I saw recently a municipality managed to clean rubbish and get street lights. Israel blew it up. The impersonal bombing of the Israeli state stands in contrast to the messy humanity of Palestinian civilians. Real civilians versus a machine that sells itself as something real. I think this relates to the wider story we are facing with the collapse of the living world and the Oil Cult. It's probably the biggest insult to Judaism in most of our lifetimes to associate the actions of Israel, funded by the US, with judaism. How can that many civilian deaths be necessary? There are many examples of Jewish people who are appalled, naturally enough. For example, Miko Peled (who is very interesting when he talks about overcoming Israeli indoctrination).
Interesting that Bill Maher in a rant a few months ago didn't mention Yemen. Very Telling. They're using Americans weapons Bill.
https://www.youtube.com/watch?v=BHIFLsf7ot0
-This documentary shows how far-right the current government in Israel has become.
I have a lot of respect for Marc Gafni, I would really hope that we could respect each other and still have disagreements. I also feel that way about other people I don't fully agree with, including Bill Maher. That is if I ever earned their respect.

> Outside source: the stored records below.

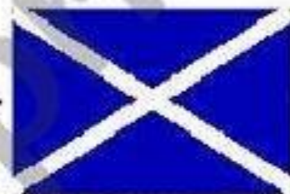
Cross of St. Andrew (Scotland)
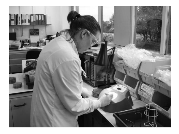
Figure 4. Laboratory worker performing colony counting
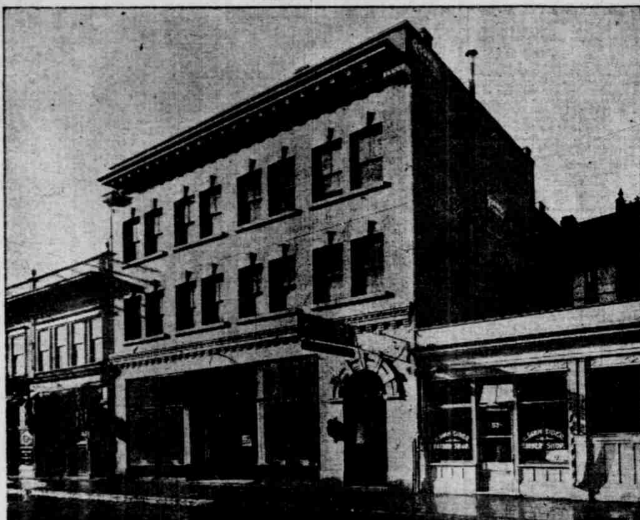
B. W. WALLACE BUILDING, SIXTH STREET, BETWEEN COUCH AND DAVIS.
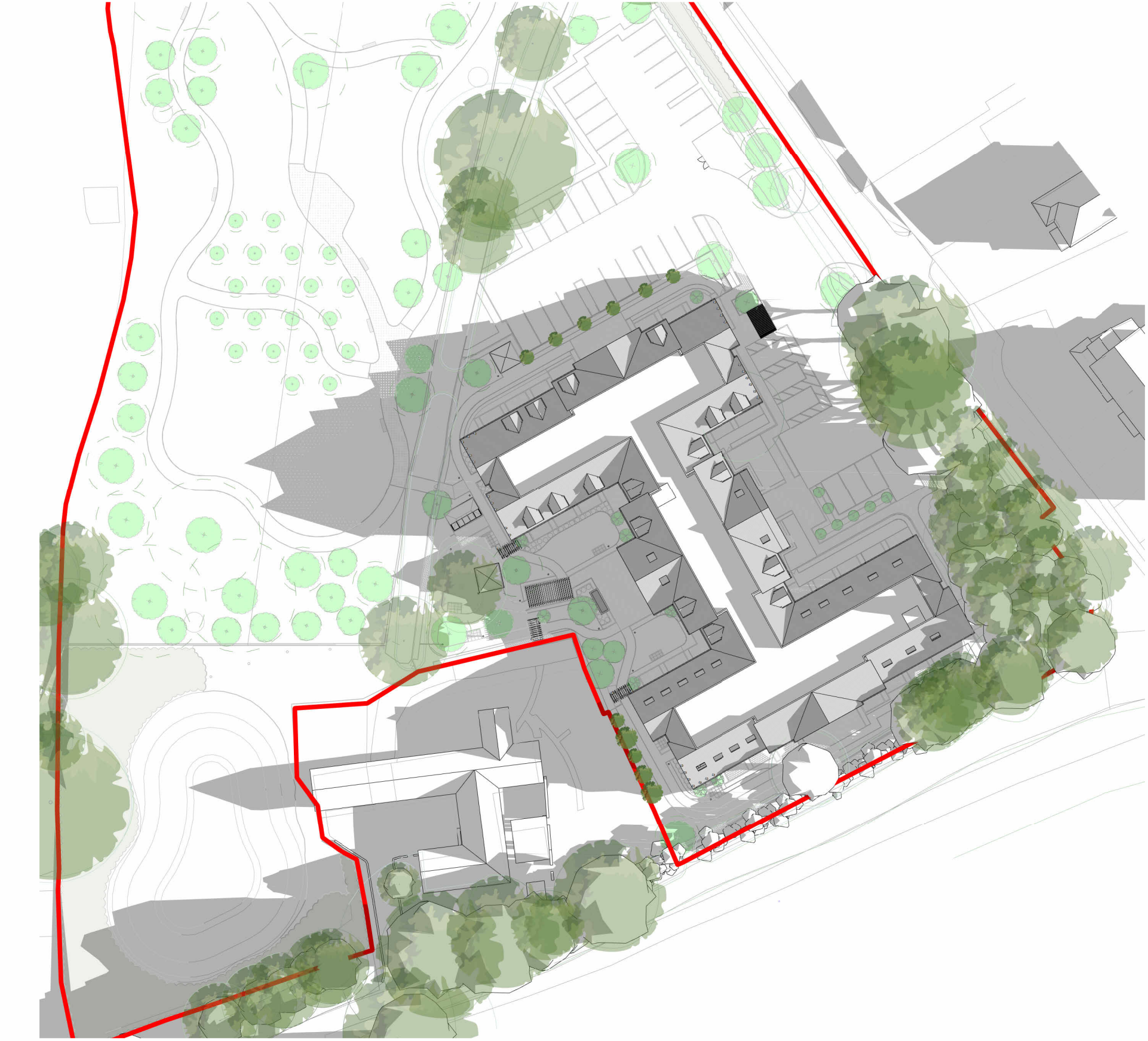
Solar Study - August 0700 hrs 1 : 600
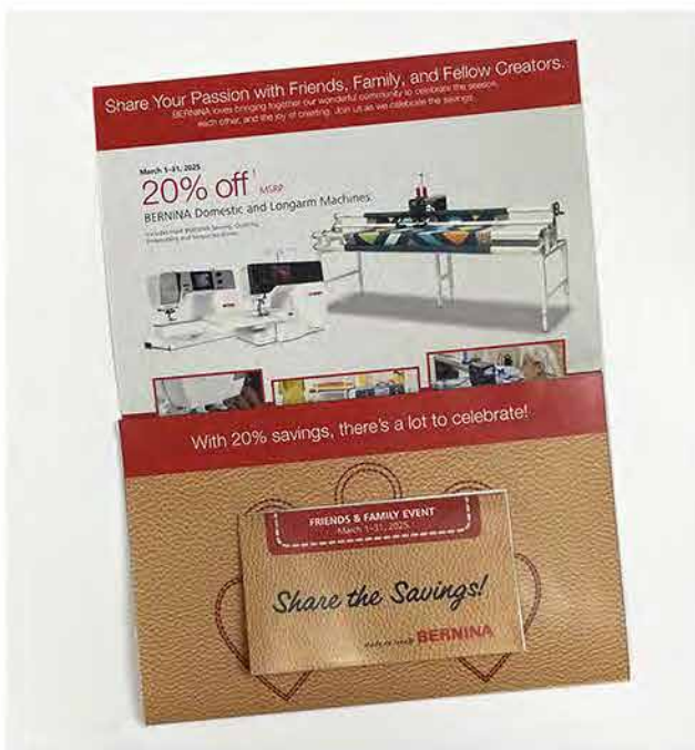
Mailer Open with Tip In
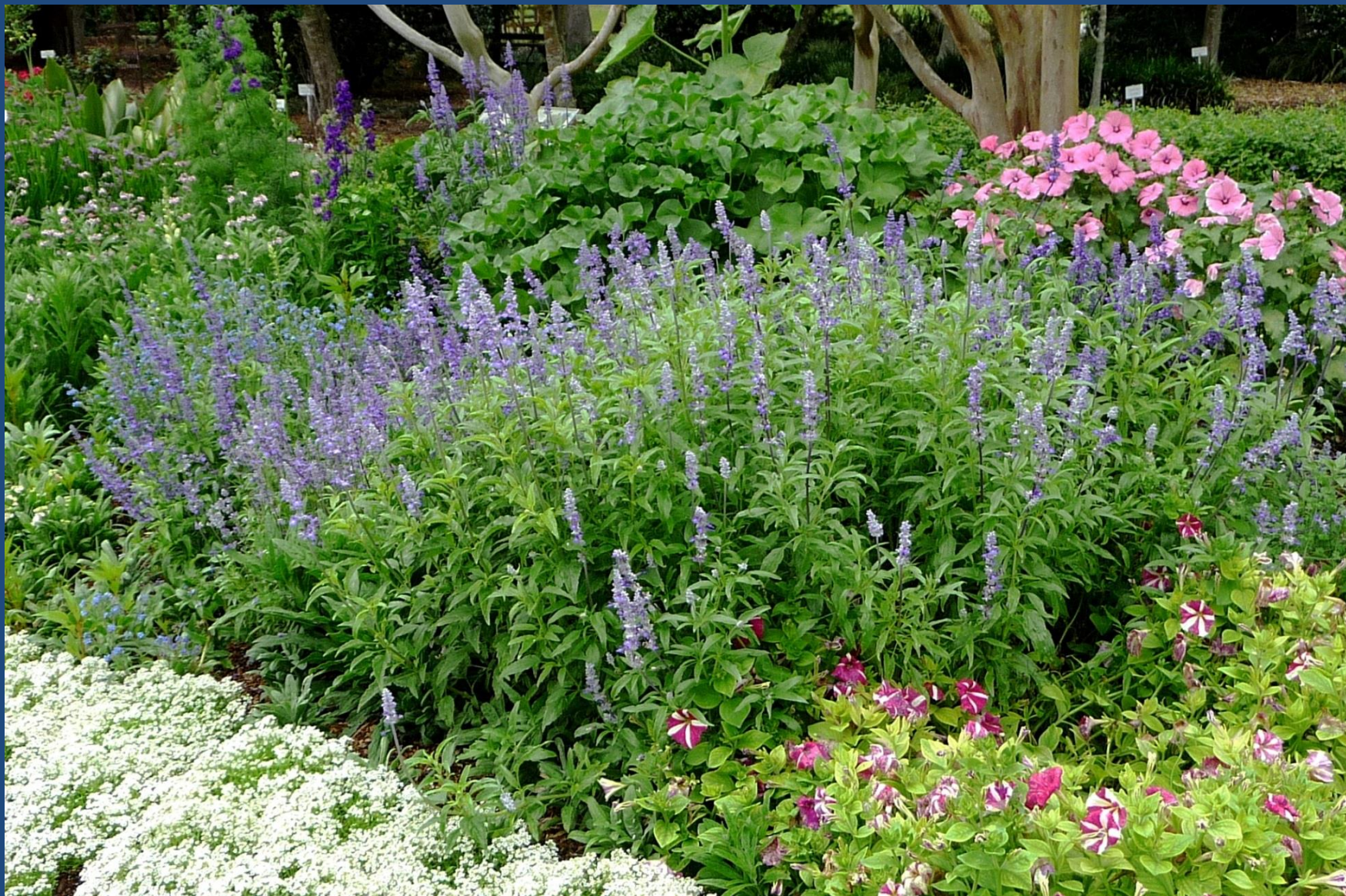
Sweet Alyssum 'Snow Crystals' Lavatera trimestris 'Silver Cup'
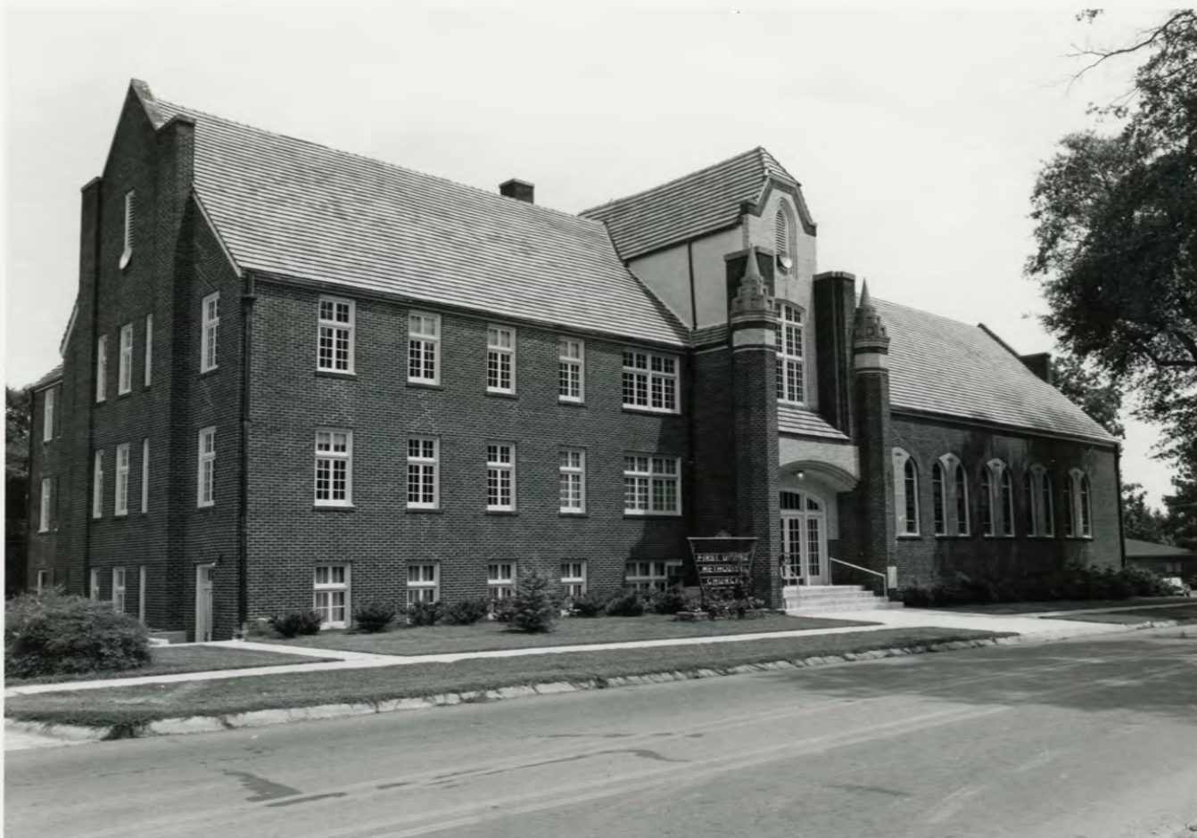
DA-28 First United Methodist Church June 19, 1982 Negative on file at the AHPP View from the Northwest
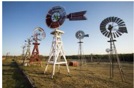
Examples of Historic and Modern Windmills
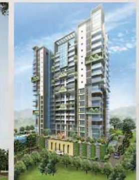
Upcoming Project in Bandra, Mumbai
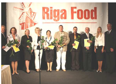
RĪGA FOOD (Picture No. 10.)
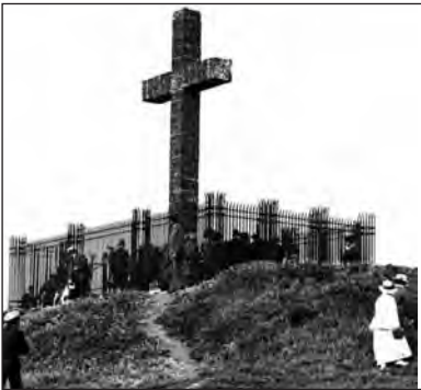
Cross first erected by the Order of Panama in 1913 from Presidio tiles.

Padre Junipero Serra was born in Petra de Mallorca, Spain in 1713. He arrived in New Spain (Mexico) in 1749. After working in the missions of New Spain for twenty years, he led the expeditions to Alta California in 1769 and founded the first nine of the twenty-one California missions.
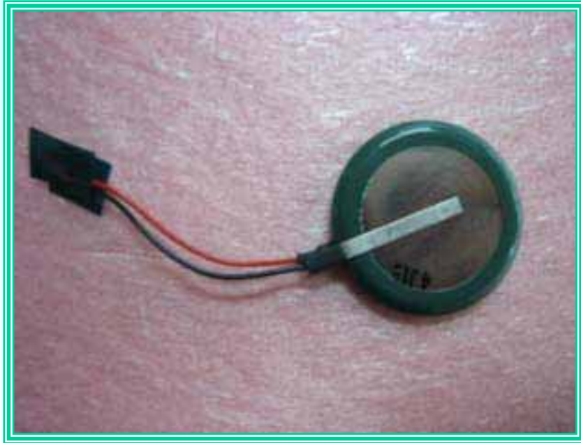
■ WA30 : 30mm Wire
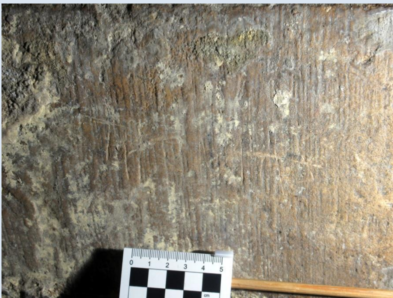
Fig. 5 – Faint scratched “THR” (?) on the west wall, adjacent to the south corner of the entrance
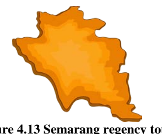
Figure 4.13 Semarang regency tourism map display in-game
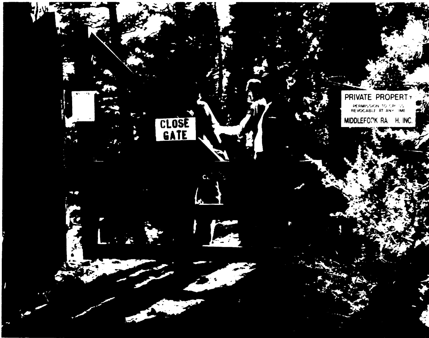
Figure 2.22: Private Property Sign Across Trail in Frank Church-River of No Return Wilderness

In West Virginia's Dolly Sods Wilderness, the Forest Service has been negotiating for several years in an attempt to acquire access through an area owned by a private corporation. However, at the time of our fieldwork, it had been unable to acquire ownership or an easement. During our hike in the wilderness, which was led by a volunteer of the American Hiking Society, we were confronted by a no-trespassing sign at one of the main access trails to the wilderness. He told us that visitors use
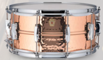
6.5x14" Hammered Copper Phonic w/ Imperial Lugs (LC662K)
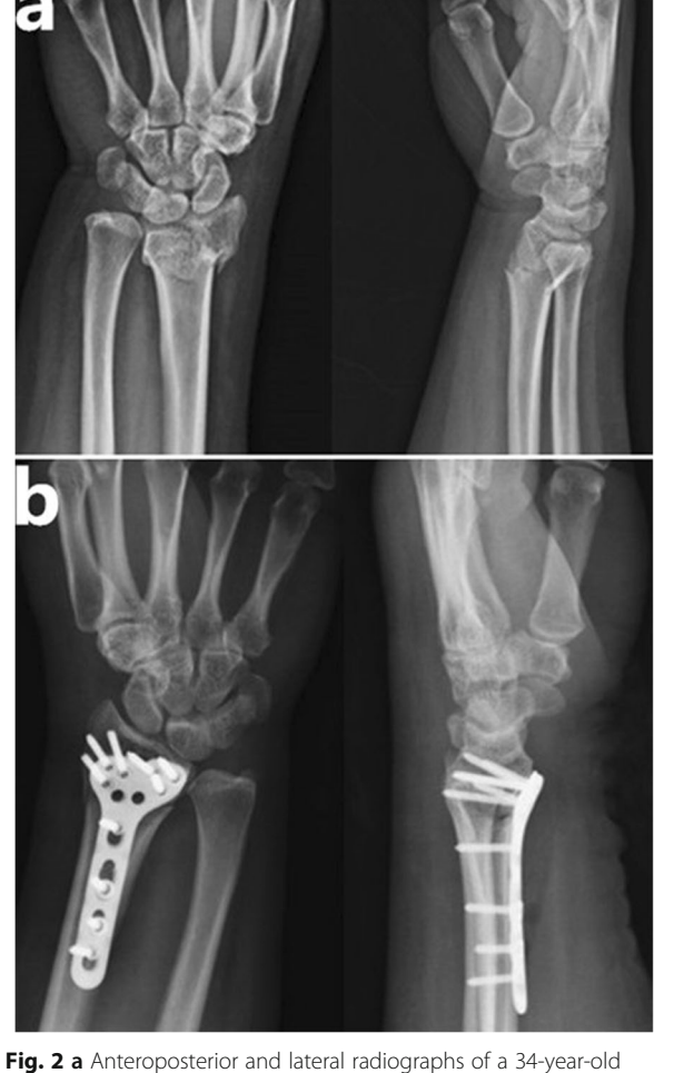
Fig. 2 a Anteroposterior and lateral radiographs of a 34-year-old female with AO C1 fracture before operation. b Posteroanterior and lateral radiographs taken immediately after operation showed that anatomic reduction had been obtained using a VLP
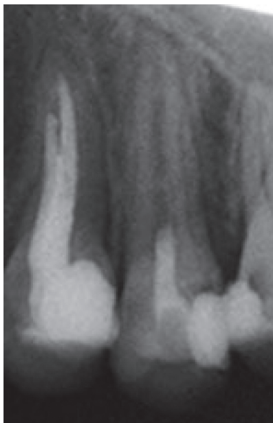
FIGURE 4: Six-month follow-up radiograph showing narrowing of the canal space with radiopaque shadows.
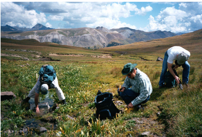
Volunteers monitoring water in 303d-listed Palmetto Gulch, which flows into the Lake Fork of the Gunnison and is monitored regularly by the Lake Fork Watershed Stakeholders, who were recently awarded the EPA’s 2008 Environmental Achievement Award for Region 8.

OSM/VISTAs have a long history of success with the communities in which they live and work, and this year (Oct. 2007-Sept. 2008) have generated 1145 hours of community volunteer service, $74,361 in grants and other cash resources, and $148,097 in documented in-kind donations— resources directly benefiting the organization and the community in which they work.
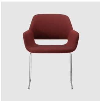
Magda o6 Sled
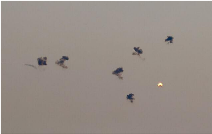
Rockets fired from southern Lebanon are intercepted by Israel's Iron Dome air defense system over the Upper Galilee region in northern Israel on July 23, 2024

The Israel Defense Forces said Wednesday that a soldier was seriously injured a day earlier by rocket fire from Lebanon on the Mount Dov area, as the Hezbollah terror group claimed a number of attacks on communities and outposts along the northern border.
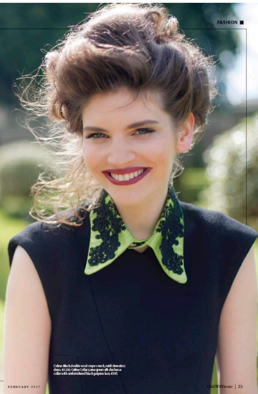
Carline: Black double wool crepe vest, milk sleeveless dress, €1250. Calline: Collar: Lime green silk duchesse collar with embroidered black guipure lace, €195

Available to order at delphinegrandjouan.com or by appointment in Kerry and Dublin, 067 648 8901

The is no evidence that the missile in the Golan Heights was from Lebanon. The Druze don't consider themselves Israeli [twitter/X video]. The families of the victims refused to meet with Netanyahu. Israel keeps bombing schools and other facilities where families are seeking shelter every day. The IDF destroyed the water facility in Rafah. Far more innocent people are killed by the incredibly extremist regime in Israel, who seem to be pushing for war. Israel are currently delaying the evacuation of sick and wounded children.
(Also funny how there's a heatwave in the Antarctic in the middle of winter.)